Given two cakes we want to find the shortest time sufficient for baking them both. Of course one machine can work only on one layer at a time, but different machines can work simultaneously. From this constraints we obtain that this time is between $n$ (at each moment the maximum number of two machines at work) and $2n$ (each layer done separately).

Let's take an example. We're given cakes $\{1,2,3\}$ and $\{3,2,1\}$. Baking them is possible in $4$ units of time - first we bake first layers from both cakes, next the middle layer of the first cake, then the middle layer of the second cake and the last of the first one, and lastly the one remaining layer. However, it's not possible to bake those cakes in time $3$, thus the desired answer is $3$.
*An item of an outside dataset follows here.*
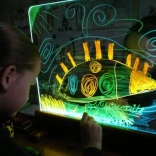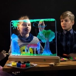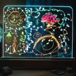 L’éclairage LED intégré transforme chaque dessin en une création lumineuse. Choisissez parmi 16 couleurs, 4 effets dynamiques et réglez la luminosité selon vos besoins – le tout confortablement via la télécommande.

What I tried was some dynamic programming, which leads to $O(n^2)$ solution. Then I tried expressing this problem as some kind of bipartie graph problem, which would be something like "how many edges can a bipartie graph of $n$ vertices on both sides have, if no two edges can cross, and also we're given some set of $n$ forbidden edges?". I could not go any further with this approach though. Also, I thought of transforming our two cakes in such a way that the first one is just $\{1,2,...,n\}$ - which is easy. Then, our problem can be thought as looking for some special subsequence in the second cake (after transformation), and then I tried to reduce it to longest increasing subsequence, but failed here as well.

What I ask for are hints for solving this problem in complexity around $O(n \log n)$.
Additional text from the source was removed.